Collected data:
◆ ◆ ◆

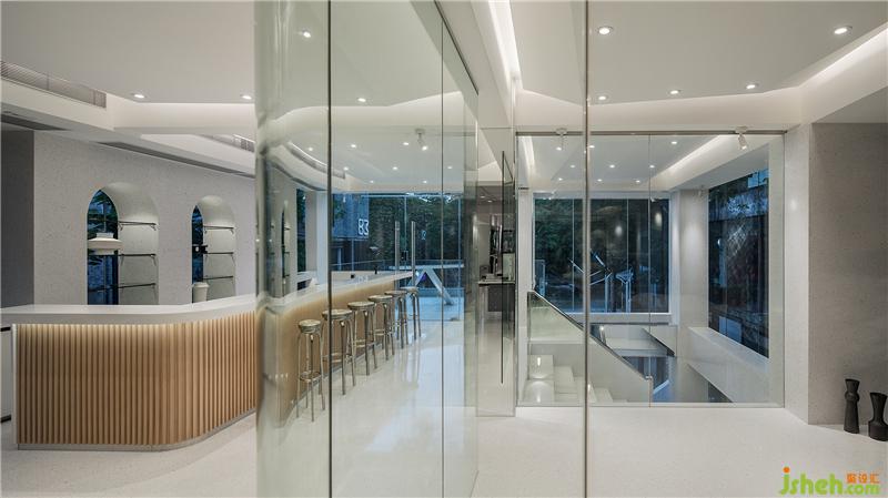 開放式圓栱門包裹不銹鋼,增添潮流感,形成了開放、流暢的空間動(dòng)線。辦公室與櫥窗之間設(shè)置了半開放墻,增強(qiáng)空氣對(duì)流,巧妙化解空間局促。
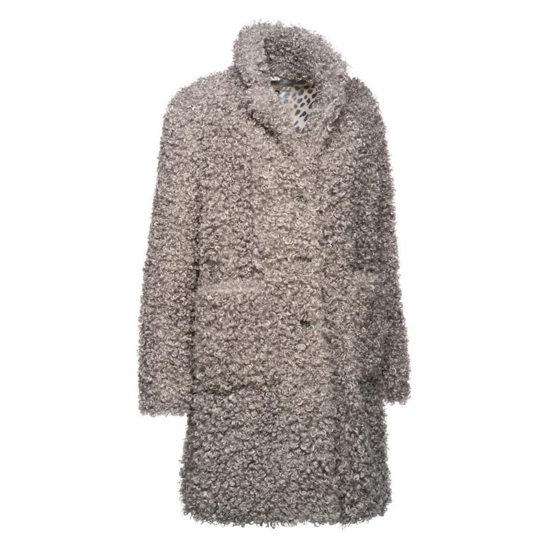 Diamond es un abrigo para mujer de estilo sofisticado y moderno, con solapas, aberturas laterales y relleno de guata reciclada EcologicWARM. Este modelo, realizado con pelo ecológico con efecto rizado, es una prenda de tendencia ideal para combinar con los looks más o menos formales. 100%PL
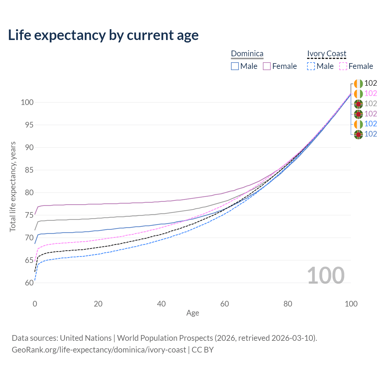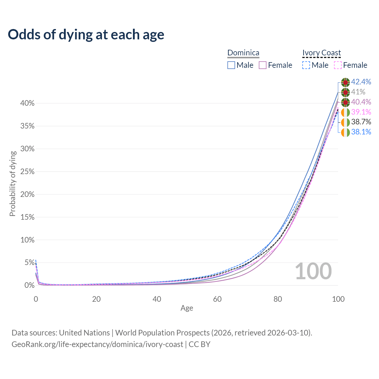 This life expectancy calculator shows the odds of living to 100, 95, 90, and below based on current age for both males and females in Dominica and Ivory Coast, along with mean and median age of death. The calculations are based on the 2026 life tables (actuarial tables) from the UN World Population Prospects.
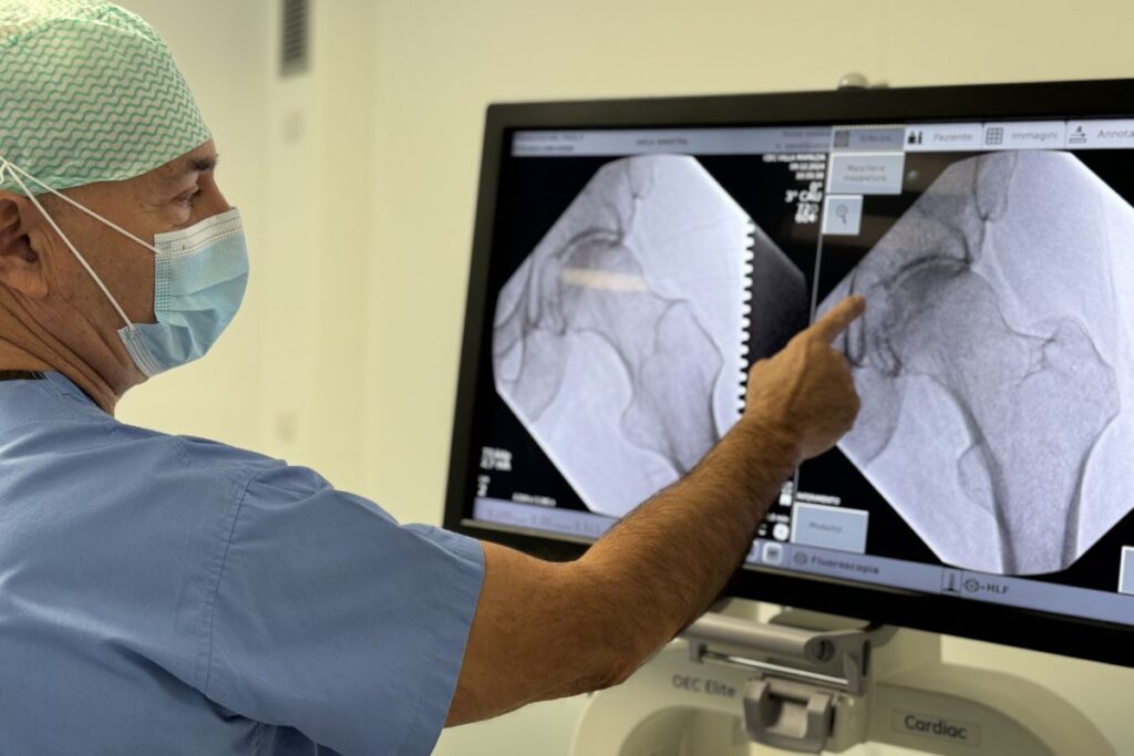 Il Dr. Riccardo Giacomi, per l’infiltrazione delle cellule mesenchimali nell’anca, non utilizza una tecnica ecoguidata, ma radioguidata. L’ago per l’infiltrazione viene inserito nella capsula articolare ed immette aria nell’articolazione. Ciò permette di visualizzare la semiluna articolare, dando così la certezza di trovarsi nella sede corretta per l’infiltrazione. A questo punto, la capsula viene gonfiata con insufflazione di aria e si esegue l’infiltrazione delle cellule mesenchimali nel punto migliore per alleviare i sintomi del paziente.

◆ ◆ ◆

Problem to work on: Write out the material above exactly; no pictures.

Result of the task:
 開放式圓栱門包裹不銹鋼,增添潮流感,形成了開放、流暢的空間動(dòng)線。辦公室與櫥窗之間設(shè)置了半開放墻,增強(qiáng)空氣對(duì)流,巧妙化解空間局促。
 Diamond es un abrigo para mujer de estilo sofisticado y moderno, con solapas, aberturas laterales y relleno de guata reciclada EcologicWARM. Este modelo, realizado con pelo ecológico con efecto rizado, es una prenda de tendencia ideal para combinar con los looks más o menos formales. 100%PL
 This life expectancy calculator shows the odds of living to 100, 95, 90, and below based on current age for both males and females in Dominica and Ivory Coast, along with mean and median age of death. The calculations are based on the 2026 life tables (actuarial tables) from the UN World Population Prospects.
 Il Dr. Riccardo Giacomi, per l’infiltrazione delle cellule mesenchimali nell’anca, non utilizza una tecnica ecoguidata, ma radioguidata. L’ago per l’infiltrazione viene inserito nella capsula articolare ed immette aria nell’articolazione. Ciò permette di visualizzare la semiluna articolare, dando così la certezza di trovarsi nella sede corretta per l’infiltrazione. A questo punto, la capsula viene gonfiata con insufflazione di aria e si esegue l’infiltrazione delle cellule mesenchimali nel punto migliore per alleviare i sintomi del paziente.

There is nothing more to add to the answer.